• 26 yıllık boktan hayatım boyunca duyduğum en şuursuz kalıplardan biri. belki zirvede belki ikinci.

    arkadaşım devlet hayrına mı veriyor? bir ülkede -ki türkiye oluyor bu- açlıktan, fakirlikten ölen, intihar eden insanlar varsa kim devletin ekmeğini yiyor olabilir? devlet bünyesindeki birkaç istisna mevki hariç herkes çalıştığı için kazanıyor parasını. bu kalıbı kullanırken de öyle bir vurguluyorlar ki sanki türkiye çok özel bir yermiş de, bütün vatandaşlarına 12 yaşından itibaren kayıtsız şartsız her ay üç bin lira para veriyormuş gibi bir intiba bırakıyorlar.

    hangi ülkede doğarsan doğ, çalışıp ekmeğini kendin kazanmak zorundasın. ülkedeki şartlar iyi olur ya da kötü olur, tartışılır. vatandaşa, öğrenciye sırf bu nitelikleri yüzünden karşılıksız para veren gelişmiş ülkelerde de yine kendi parasını kazanan çoğunluğun huzurunu idame ettirmek için yapar devlet bunu. yani yine toplumun iyiliği için yapılır.

    devlet, basitçe, insanların huzurunu tesis etmesi gereken bir organizasyon ya da kurum olarak tanımlanabilir. türkiye'de ise tapılan bir kurumdur devlet. sanki tüm toplumun değil, sadece onu yalayanların, ona övgüler dizenlerin, onu sapıkça yüceltenlerin huzurundan sorumluymuş gibi hareket edilir. devleti eleştiremez, yanlış yaptığı şeyleri söyleyemezsin. devlet daima en doğrusunu yapar, bilir. ona karşı bir şey söyler, eleştirirsen hemen zindana atılırsın, hain ilan edilirsin, hakkında ''gereği yapılır'', iyiliği için de çalıştığın toplum nezdinde iftiralarla itibarın karalanmaya çalışılır, çamur atılır, alçakça linç edilirsin, ezilirsin, tehdit edilirsin, yeri gelir öldürülürsün. sıfatın, yaptıkların, ülkeye kazandırdıkların ne olursa olsun göreceğin muamele aynıdır. iktidarda kim ya da hangi görüş hakim olursa olsun, onları o konuma getiren de yine mevcut devlet anlayışı olduğundan devlet yalayıcıları daima refah içinde yaşar, başlarına bir şey gelmez. bugün, ulus, milliyet, din vb. kavramların, insan faktörünün önüne geçtiği, kör ettiği türkiye ve benzeri tüm ülkelerde aynı aptal ve sakat devletçilik anlayışı hakimdir. apaçık bir şekilde halkı bu değerler üzerinden sömürme üzerine kurulu bir anlayış vardır.

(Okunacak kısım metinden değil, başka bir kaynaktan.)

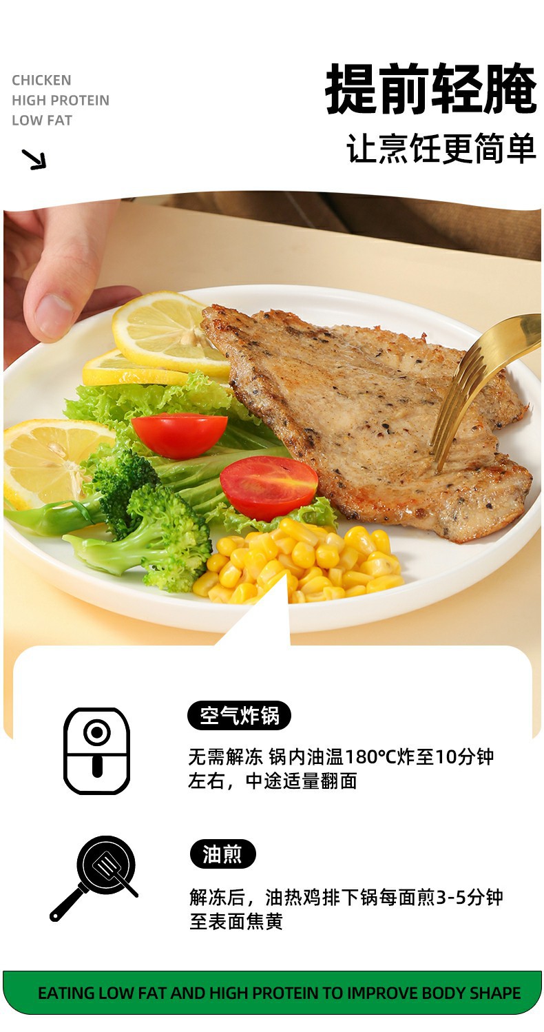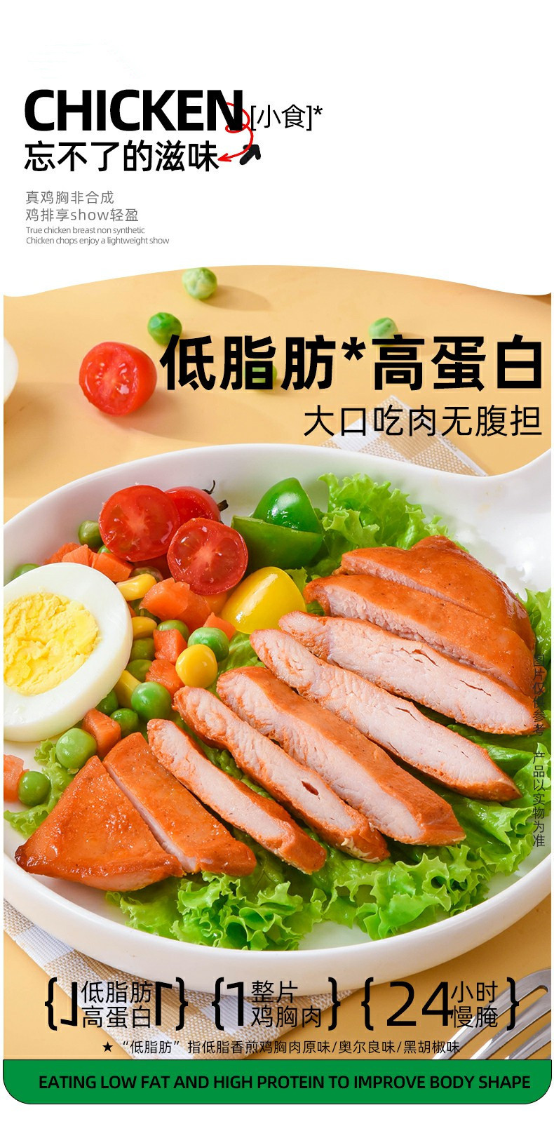 120Г/100Г Куриный стейк Коммерческая оптовая продажа Фитнес завтрак Куриный стейк Низкокалорийный заменитель пищи Куриная грудка Полуфабрикат
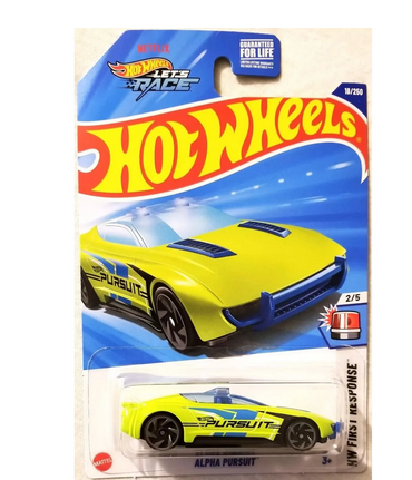 Hit the streets with the Hot Wheels Alpha Pursuit, a high-tech police cruiser built for high-speed action. This 1:64 scale die-cast model blends futuristic design with law enforcement style, featuring a low-profile body, aerodynamic lines, and bold police graphics. With its performance-inspired stance, Alpha Pursuit is ready to chase down the competition on any Hot Wheels track.Whether you're building a fleet of emergency vehicles or love fast-paced play, Alpha Pursuit brings cutting-edge pursuit power to your collection.

    dünyanın, vatandaşlarına* en fazla zulüm eden, onları açlıkla, fakirlikle sınayan, kaos yaratmakla tehdit eden, çıldırtan, delirten, oecd'nin gelir dağılımı eşitsizliği listesinde (son listede dünya'da beşinci, avrupa'da birinciyiz) her yıl, hiç şaşmadan zirvede gezen* ülkelerden* birinde, böyle iğrenç, aptalca, bu kadar oksimoron bir deyiş türetilmesinin ve toplum tarafından benimsenerek olur olmadık her yerde bu kadar çok kullanılmasının tek açıklaması halkın çoğunluğunun ya gerizekalı ya da cahil olmasıdır benim gözümde. elbette devletin düzgün işlemesi, görevini layıkıyla yerine getirmesi için ona bakacak, onu gözeteceksiniz ama bu şekilde mi? ben başka mantıklı bir şey bulamıyorum bunca sıkıntıya rağmen devlet kavramına bu kadar ahmakça(!) kıymet verilmesine. ''lan o kadar denedik bu tuttu gibi. pek olmadı da gibi ama bunu da kaybetmeyelim bari...'' düşüncesi de olabilir bak.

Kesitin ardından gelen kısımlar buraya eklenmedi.